Excerpted data:
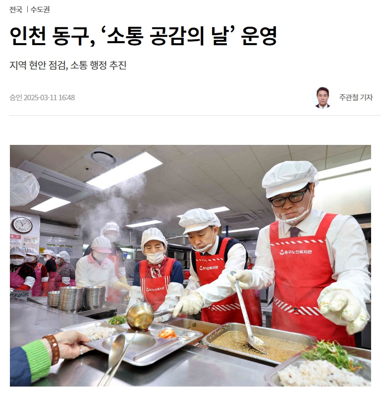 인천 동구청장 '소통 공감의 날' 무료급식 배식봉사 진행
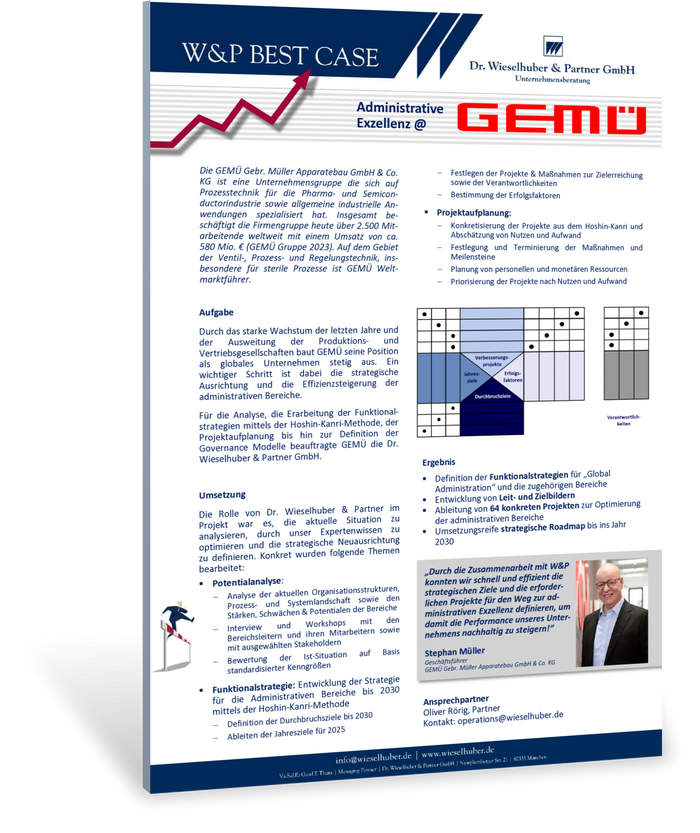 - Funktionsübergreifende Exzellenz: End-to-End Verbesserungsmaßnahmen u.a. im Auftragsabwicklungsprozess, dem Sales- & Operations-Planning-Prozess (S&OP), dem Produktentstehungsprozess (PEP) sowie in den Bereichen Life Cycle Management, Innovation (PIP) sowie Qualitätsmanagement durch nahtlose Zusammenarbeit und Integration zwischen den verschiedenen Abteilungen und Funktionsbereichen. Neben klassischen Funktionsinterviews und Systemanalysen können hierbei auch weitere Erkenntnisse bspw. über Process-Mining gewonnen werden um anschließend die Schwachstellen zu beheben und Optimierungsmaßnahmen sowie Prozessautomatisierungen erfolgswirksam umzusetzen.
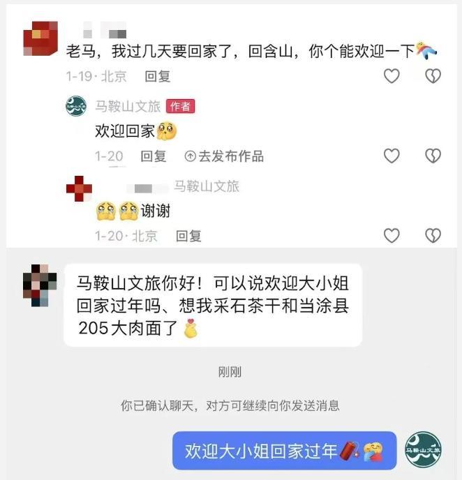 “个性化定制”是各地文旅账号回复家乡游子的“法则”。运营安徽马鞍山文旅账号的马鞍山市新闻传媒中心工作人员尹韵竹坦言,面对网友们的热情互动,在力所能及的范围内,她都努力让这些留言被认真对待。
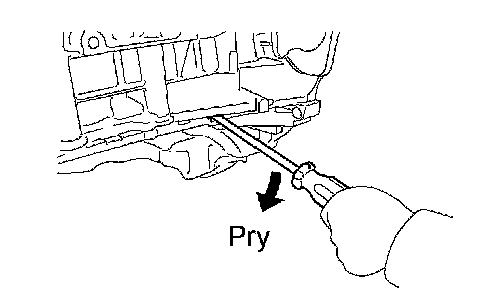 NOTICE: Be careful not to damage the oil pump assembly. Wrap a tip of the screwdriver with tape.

==

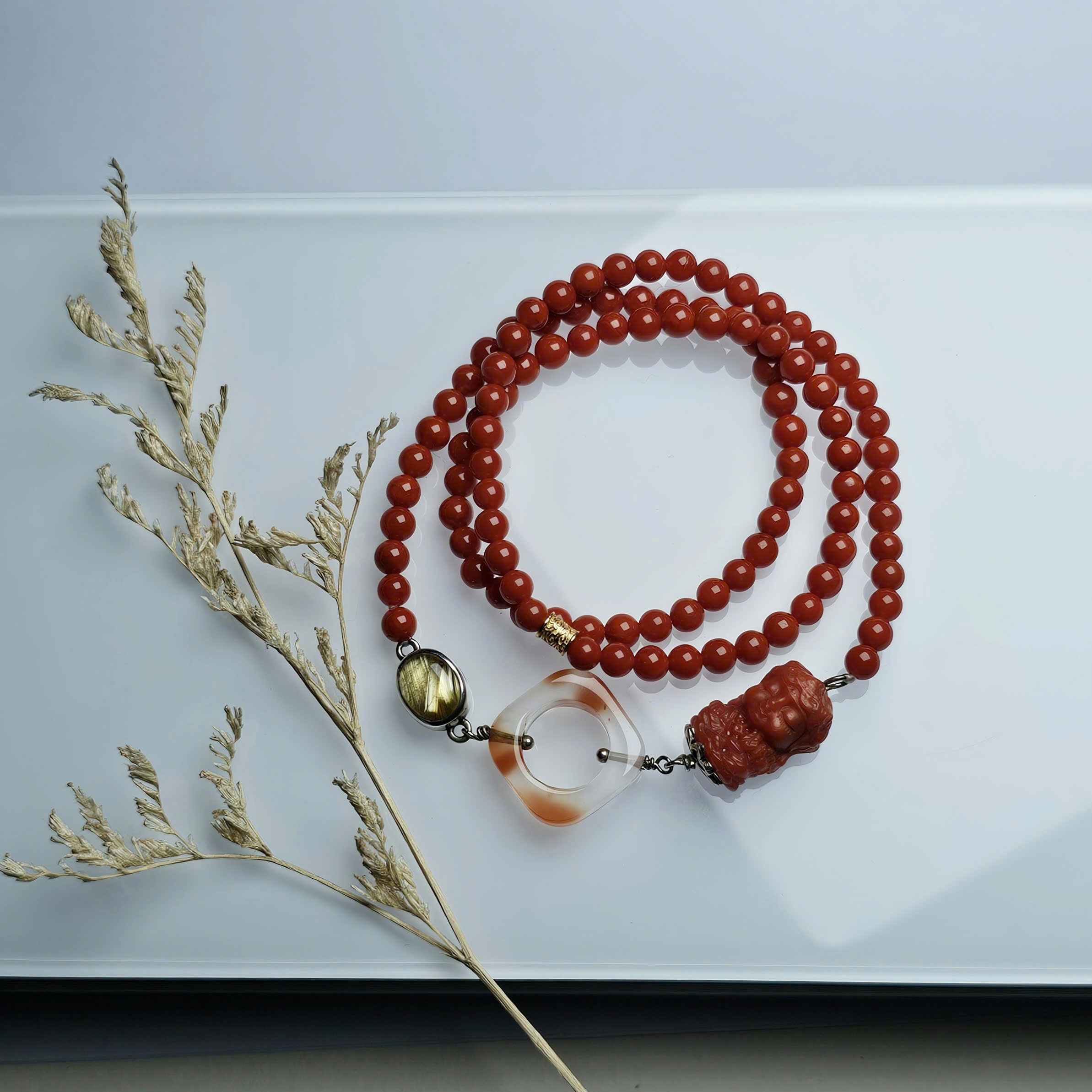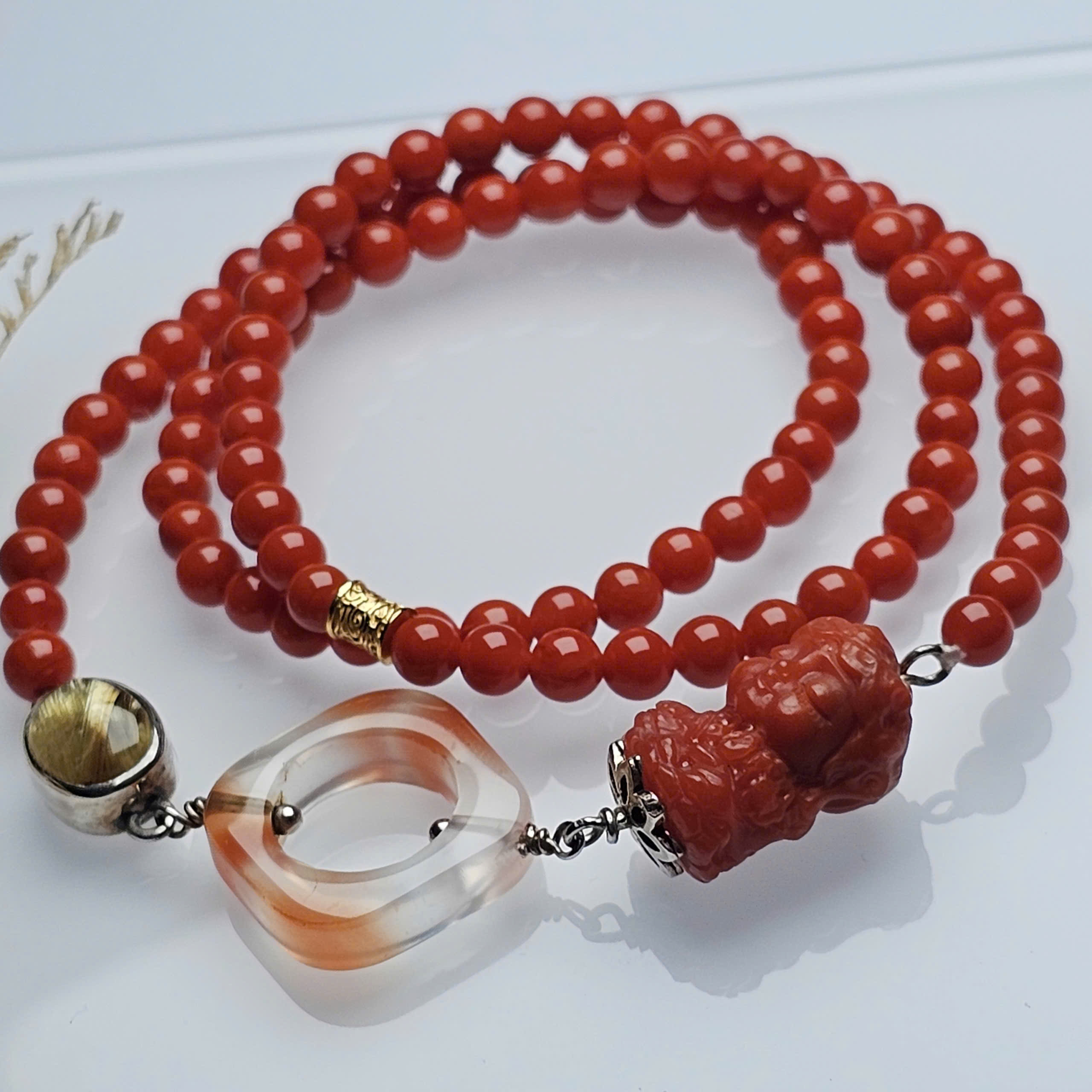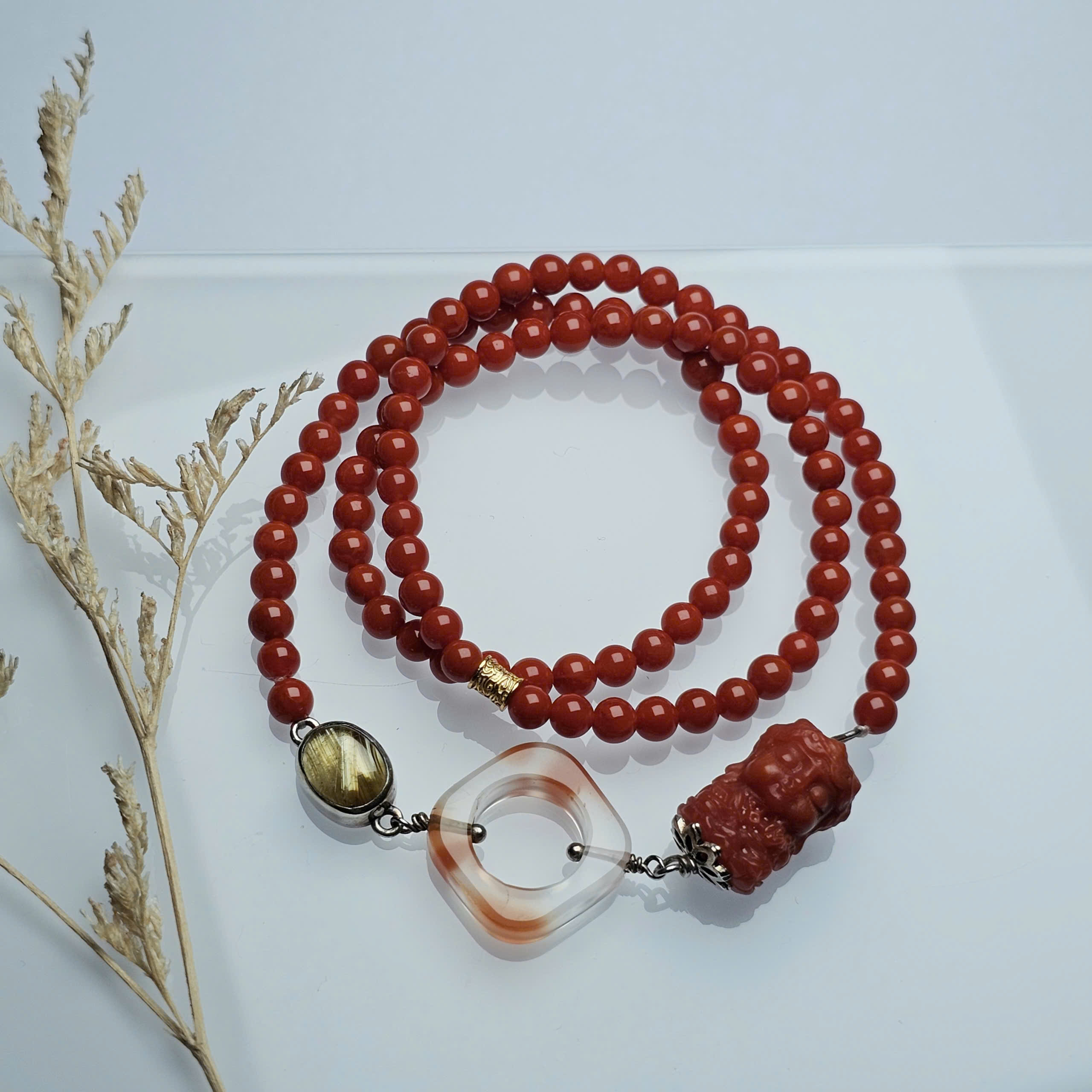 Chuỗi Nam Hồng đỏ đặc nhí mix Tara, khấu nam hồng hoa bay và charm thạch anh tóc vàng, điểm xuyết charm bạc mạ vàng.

--

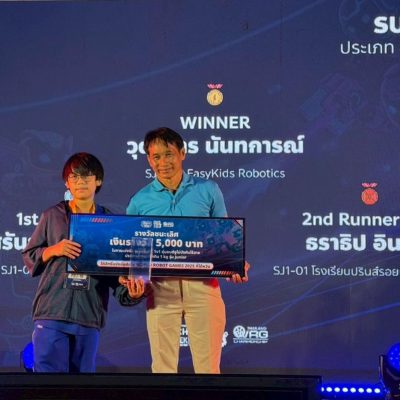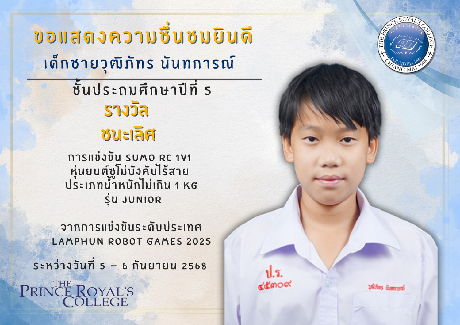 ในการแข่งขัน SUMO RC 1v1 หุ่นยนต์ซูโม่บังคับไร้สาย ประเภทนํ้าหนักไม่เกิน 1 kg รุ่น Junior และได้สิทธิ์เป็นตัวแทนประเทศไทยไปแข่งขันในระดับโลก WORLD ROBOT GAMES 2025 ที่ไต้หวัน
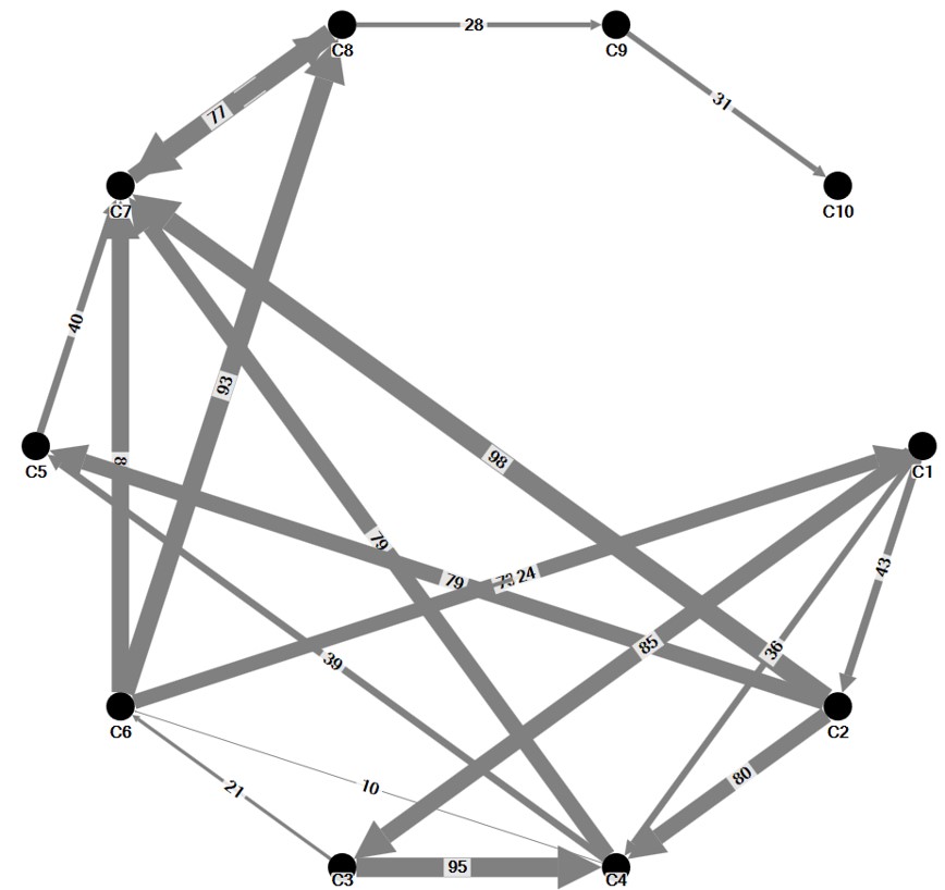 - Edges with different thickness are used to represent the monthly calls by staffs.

Work task:
Above are the records; restate exactly the lines from the one containing "- Funktionsübergreifende Exzellenz: End-to-End" through the one containing "NOTICE: Be careful", keeping pictures out.

Response for this exercise:
 - Funktionsübergreifende Exzellenz: End-to-End Verbesserungsmaßnahmen u.a. im Auftragsabwicklungsprozess, dem Sales- & Operations-Planning-Prozess (S&OP), dem Produktentstehungsprozess (PEP) sowie in den Bereichen Life Cycle Management, Innovation (PIP) sowie Qualitätsmanagement durch nahtlose Zusammenarbeit und Integration zwischen den verschiedenen Abteilungen und Funktionsbereichen. Neben klassischen Funktionsinterviews und Systemanalysen können hierbei auch weitere Erkenntnisse bspw. über Process-Mining gewonnen werden um anschließend die Schwachstellen zu beheben und Optimierungsmaßnahmen sowie Prozessautomatisierungen erfolgswirksam umzusetzen.
 “个性化定制”是各地文旅账号回复家乡游子的“法则”。运营安徽马鞍山文旅账号的马鞍山市新闻传媒中心工作人员尹韵竹坦言,面对网友们的热情互动,在力所能及的范围内,她都努力让这些留言被认真对待。
 NOTICE: Be careful not to damage the oil pump assembly. Wrap a tip of the screwdriver with tape.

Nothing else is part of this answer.